Twenty previously scored pictures showing a profile view of the head of different breeds and colours of horses were selected (for an example see Figure 1). The pictures provided were collected from horses in pain due to acute laminitis (previously published data on the HGS [11]). High-quality pictures were selected with the aim of showing a wide range of FAU scores (balancing the number of pictures with scores of 0, 1 and 2 for the different FAUs). Pictures were projected on a screen one at a time. Data were collected in two phases: pre- and post-training. In the ‘pre-training’ phase students first received a brief lecture on the definition of pain and its effect on facial expressions in different species (e.g., mice, rats, rabbits) but not horses. They then were asked to score 10 pictures of horse faces. They were not introduced to the HGS in this phase. In the ‘post-training’ phase students received the HGS standardized training outlined in Section 2.2 and then scored a second different set of 10 pictures. All pictures were also scored by an HGS expert (E.D.C.).

2.5. Statistical Analysis

The Intraclass Correlation Coefficient (ICC) has been used in other studies to assess the reliability of grimace scales when scored by several observers with similar experience (interchangeable observers). However, the aim of the present study was to compare the HGS scores of an expert to those of observers (non-interchangeable due to the different experience) with no experience with horses. Therefore, Cohen’s kappa coefficient was used to determine inter-observer reliability between each student and an HGS expert.

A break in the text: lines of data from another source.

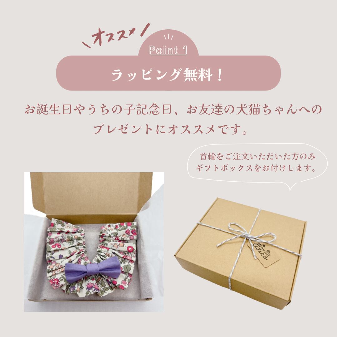 リバティ社のタナローン生地〈Emily〉を使用した首輪です。タナローン生地はシルクのような艶と手触りが特徴で、とても柔らかい素材ですので皮膚が弱い子にもオススメです。
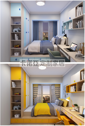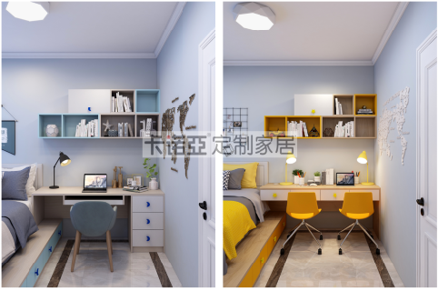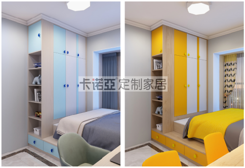 到頂衣柜設(shè)計(jì),滿足孩子日常衣物的收納。男孩房海天藍(lán)+印象白+淺色木紋、女孩房活力橙+印象白+淺色木紋的活力色調(diào)的組合,與房間整體配色相契合。衣柜門側(cè)面的開放格,用來展示玩具、孩子所獲得的獎杯及獎狀,以及記錄成長的相冊。
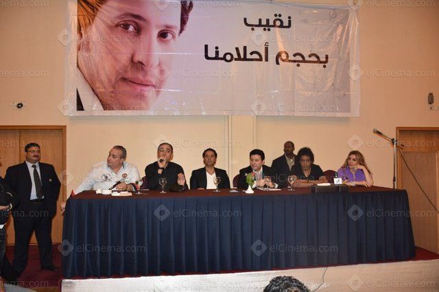 جانب من المؤتمر الصحفي الذي عقده الفنان هاني شاكر في إطار حملة ترشحه لمقعد نقيب الموسيقيين بحضور عدد كبير من كبار نجوم الغناء في مصر والوطن العربي.
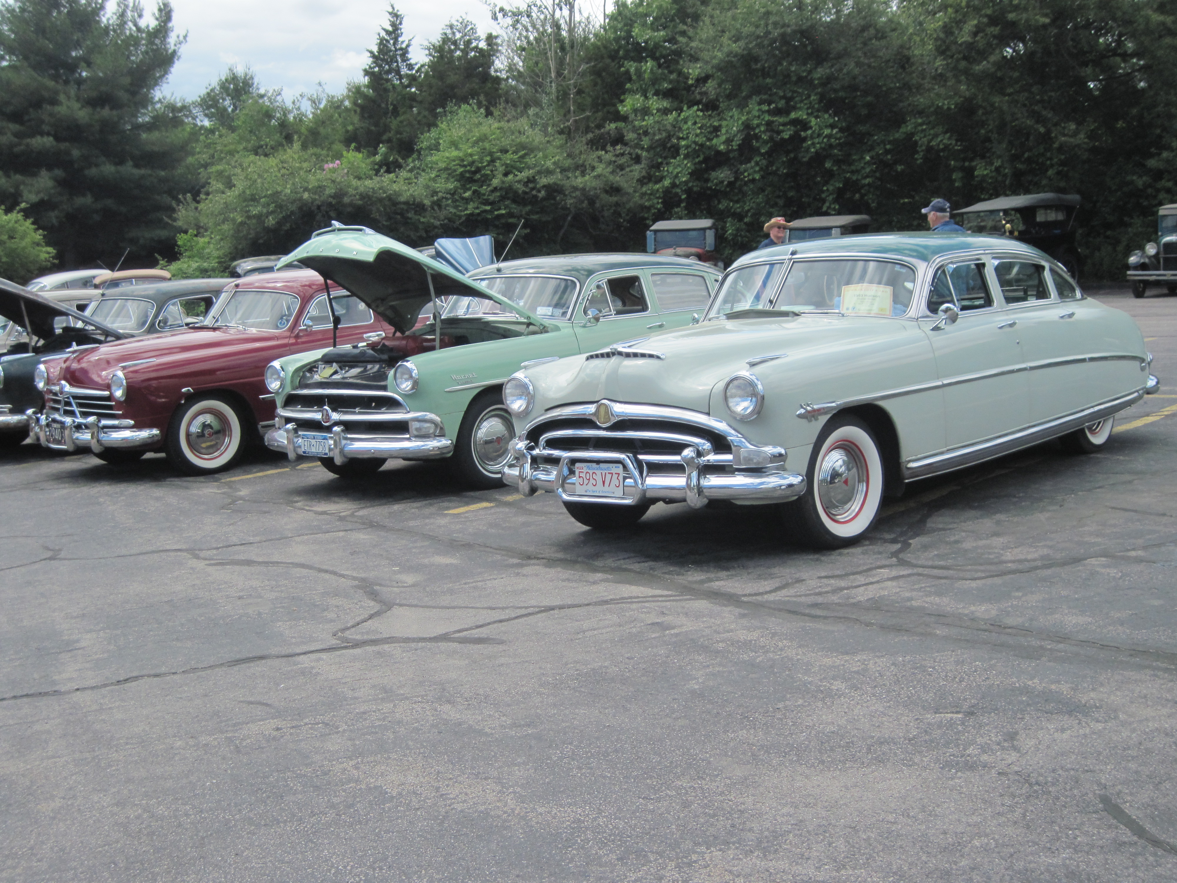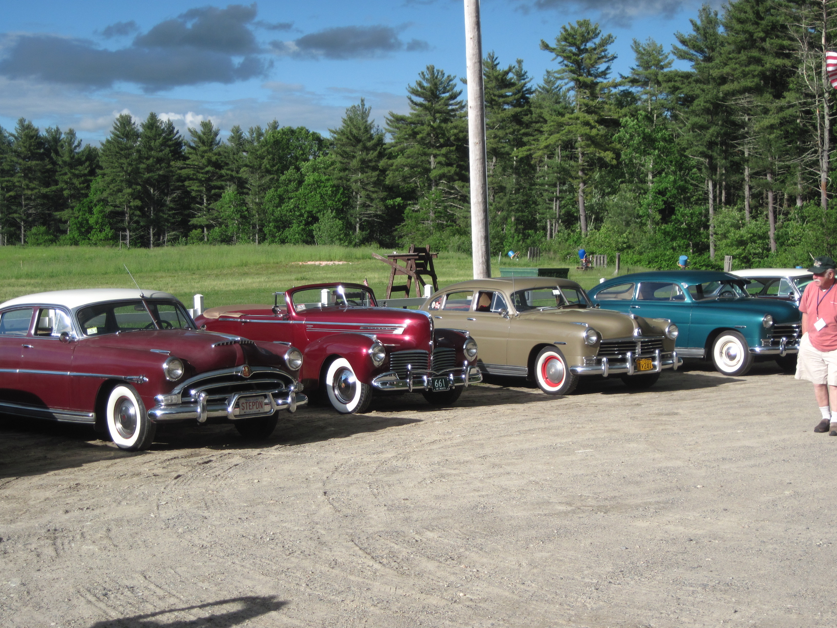 The Eastern Reginals in Mansfield,  Mass are now over.  It was a good meet and time reconnecting with club menbers not seen since last year.  Thursday day/night was a bummer because of rain and the scheduled evening cruise-in was cancelled due the weather.  Friday and Saturday  the weather was near perfect and the Friday night BBQ was good. We had about 17 HUdson  in the caravan to the venue. Saturday was good also and the Banquet was good with Honoring (roasting) Carl Weber for his 50+ years of service and dedication to the Het..
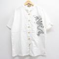 XL★古着 半袖 シャツ メンズ 龍 ッ刺繍 ノーカラー 白 ホワイト 25jun17 中古 トップス
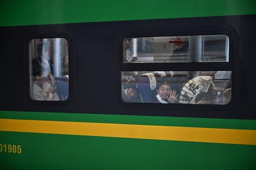 4月6日,重庆北站,一名旅客在车厢内挥手告别。记者 张春晓 摄

The kappa statistic rages from 0 to 1 and can be interpreted as follows [18]: agreement equivalent to chance (less than 0.10); slight agreement (0.10–0.20); fair agreement (0.21–0.40); moderate agreement (0.41–0.60); substantial agreement (0.61–0.80); near perfect agreement (0.81–0.99); perfect agreement (1). All statistical analyses were conducted using SPSS 25 (SPSS Inc., Chicago, IL, USA). The data were tested for normality and homogeneity of variance using Kolmogorov–Smirnov and Levene tests, respectively. Paired-sample t-tests were conducted to determine if there was a significant difference in agreement between the students and the expert from pre- to post-training. Differences were considered to be statistically significant at p ≤ 0.05.

3. Results and Discussion

The training protocol presented in this paper was previously applied to a smaller number of trainees without horse experience to assess inter-observer reliability [19]. It showed that reliability was excellent before training with an Intraclass Correlation Coefficient of 0.986, and then improved after 30 min of training to 0.992 (both high degrees of reliability). However, this study did not evaluate the agreement between observers with no horse experience with that of an expert, which is critical for determining the efficacy of training naive observers [16,20]. The results of the present study showed a high variability of agreement between naïve observers and the expert for the different facial action units comprising the HGS: ranging from 0.20 for tension above the eye area to 0.68 for stiffly backwards ears (Figure 2). Only stiffly backwards ears (Cohen’s kappa = 0.68) and orbital tightening (Cohen’s kappa = 0.67) reached a substantial agreement before training, while all other FAUs only showed slight agreement or fair agreement. Following training, the agreement for stiffly backwards ears and orbital tightening significantly increased, reaching Cohen’s kappa values of 0.90 and 0.91 respectively, indicating near perfect agreement (paired-sample t-test; p < 0.001); the agreement for prominent strained chewing muscles significantly increased to 0.28 indicating only a fair agreement (paired-sample t-test; p < 0.05). For the other FAUs, no significant modification of Cohen’s kappa value was observed from pre- to post-training. Interestingly, stiffly backwards ears and orbital tightening were the same FAUs that showed the highest inter-observer reliability (ICC) in the previous studies that had a smaller number of trainees with and without horse experience [11,19]. A possible explanation for this result is that these two FAUs seem rather easy to assess and robust.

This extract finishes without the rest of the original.